Unit 7 Session 2 (Click for link to problem statements)
Understand what the interviewer is asking for by using test cases and questions about the problem.
- Established a set (2-3) of test cases to verify their own solution later.
- Established a set (1-2) of edge cases to verify their solution handles complexities.
- Have fully understood the problem and have no clarifying questions.
- Have you verified any Time/Space Constraints for this problem?
HAPPY CASE
Input: arr = [9, 12, 15, 2, 5, 6, 8], target = 5
Output: 4
Explanation: The target 5 is found at index 4.
EDGE CASE
Input: arr = [9, 12, 15, 2, 5, 6, 8], target = 7
Output: -1
Explanation: The target 7 is not in the list.
Match what this problem looks like to known categories of problems, e.g. Linked List or Dynamic Programming, and strategies or patterns in those categories.
This problem is an extension of the classic binary search applied to a circularly sorted array:
Plan the solution with appropriate visualizations and pseudocode.
General Idea: Implement binary search with additional checks to handle the circular nature of the array.
1) Start with pointers at the beginning (`low`) and end (`high`) of the array.
2) While `low` is less than or equal to `high`:
- Calculate the middle index (`mid`).
- Check if `mid` is the target. If so, return `mid`.

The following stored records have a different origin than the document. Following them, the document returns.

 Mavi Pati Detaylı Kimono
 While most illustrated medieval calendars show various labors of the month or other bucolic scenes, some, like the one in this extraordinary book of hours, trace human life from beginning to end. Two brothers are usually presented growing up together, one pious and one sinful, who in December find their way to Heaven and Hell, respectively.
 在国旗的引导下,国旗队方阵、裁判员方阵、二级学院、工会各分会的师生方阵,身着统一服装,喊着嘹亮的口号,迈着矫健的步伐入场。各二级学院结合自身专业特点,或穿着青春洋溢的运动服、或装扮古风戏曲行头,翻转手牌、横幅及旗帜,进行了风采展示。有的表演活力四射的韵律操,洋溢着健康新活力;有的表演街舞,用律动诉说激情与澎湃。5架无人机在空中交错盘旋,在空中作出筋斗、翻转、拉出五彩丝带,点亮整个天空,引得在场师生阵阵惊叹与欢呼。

- Determine which half of the array is properly sorted:
- If the left half is sorted (i.e., `arr[low] <= arr[mid]`):
- If the target lies within this sorted half, adjust `high`.

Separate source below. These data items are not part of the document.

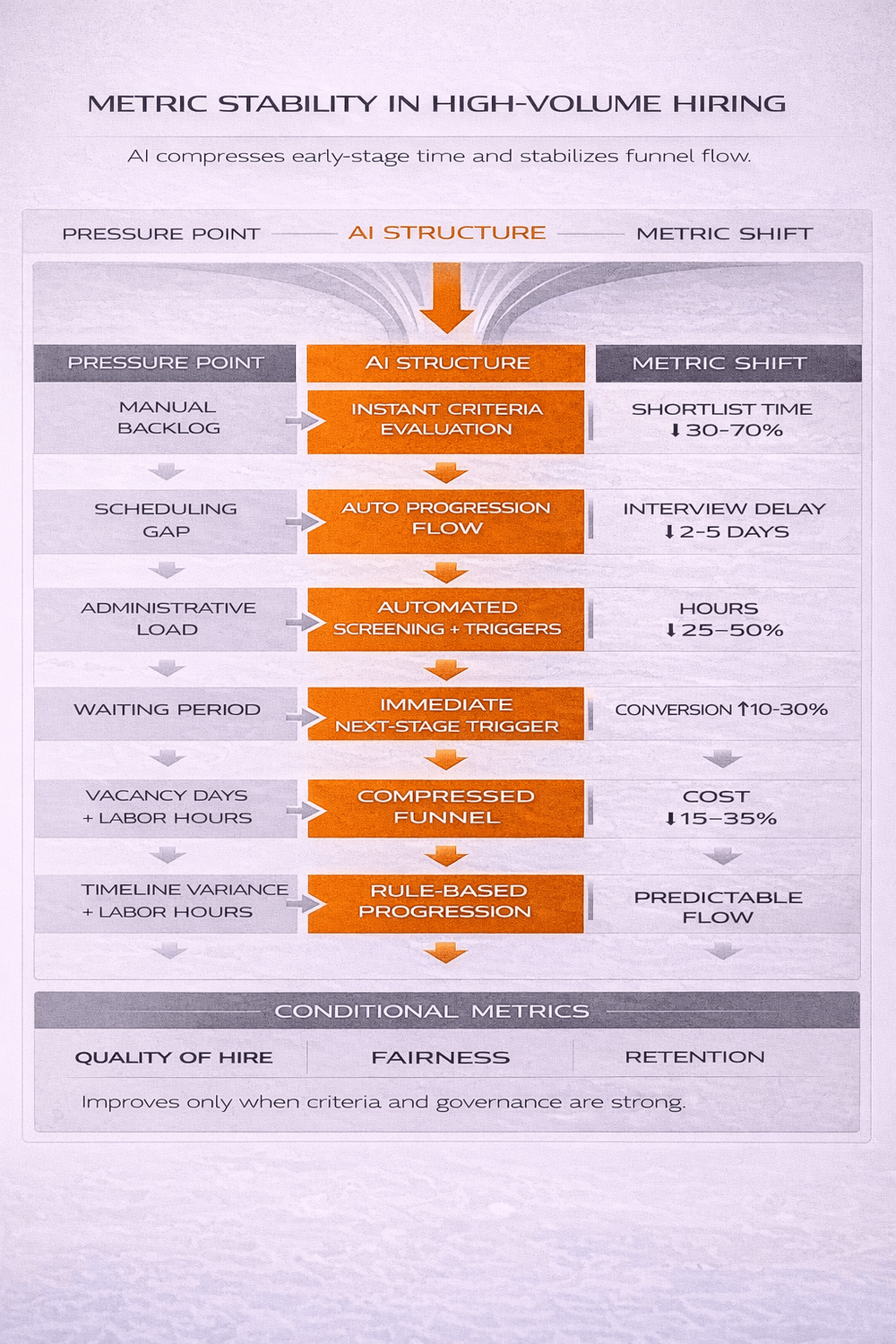 AI improves high volume hiring by reducing application processing time, increasing screening consistency, and stabilizing conversion rates under volume pressure.
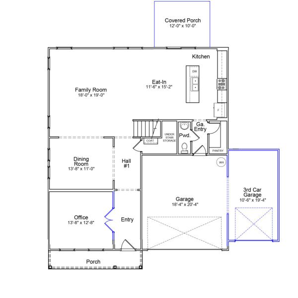 The Turner is a two-story, open-concept home offering five bedrooms and three-and-one-half baths. Just off the entry, a spacious office with French doors provides a quiet place to work or study. The great room anchors the main living area and flows seamlessly into the formal dining room, kitchen, and eat-in area—perfect for everyday living and entertaining. The kitchen features a large island, a walk-in pantry conveniently located near the garage entrance, and generous storage, including ample under-stair space. Upstairs, the primary suite includes a large walk-in closet and dual linen closets. Four additional bedrooms are also located on the second floor, along with a loft and a centrally located laundry room for added convenience.
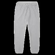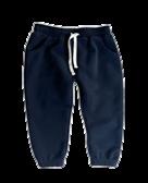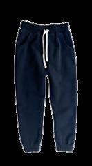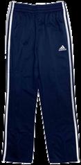Navy or grey track pants, chino joggers, or shorts. Pants may have thin vertical white stripes on the sides and a small emblem (no larger than 1").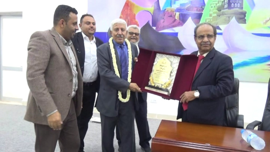 وكيل وزارة الصحة لقطاع الرعاية الصحية الاوليه الدكتور علي احمد الوليدي سلم للوزير درع تذكاري من منتسبي القطاع الصحي  واشاد بمناقب الوزير القيادية التي اهلته استحقاق هذه الجائزه الكبيره بالظرف الحرج  لبلادنا  واعادة تاسيس وبناء وزارة الصحه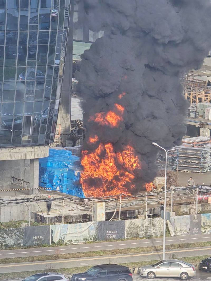 В телеграм-канале "Минск.Главное" в первые минуты пожара поделились фотографиями: видно, что горят штабели утеплителя.

- Otherwise, adjust `low`.
- If the right half is sorted:
- If the target lies within this sorted half, adjust `low`.
- Otherwise, adjust `high`.
3) If the loop concludes without finding the target, return -1.
⚠️ Common Mistakes
Implement the code to solve the algorithm.
def search_in_rotated_array(arr, target):
low, high = 0, len(arr) - 1
while low <= high:
mid = (low + high) // 2
if arr[mid] == target:
return mid
if arr[low] <= arr[mid]: # Left half is sorted
if arr[low] <= target < arr[mid]:
high = mid - 1
else:
low = mid + 1
else: # Right half is sorted
if arr[mid] < target <= arr[high]:
low = mid + 1
else:
high = mid - 1
return -1 # Target not found
Review the code by running specific example(s) and recording values (watchlist) of your code's variables along the way.
Evaluate the performance of your algorithm and state any strong/weak or future potential work.
O(log n)
because the algorithm continues to halve the search space despite the array's rotation.O(1)
because it uses a constant amount of space.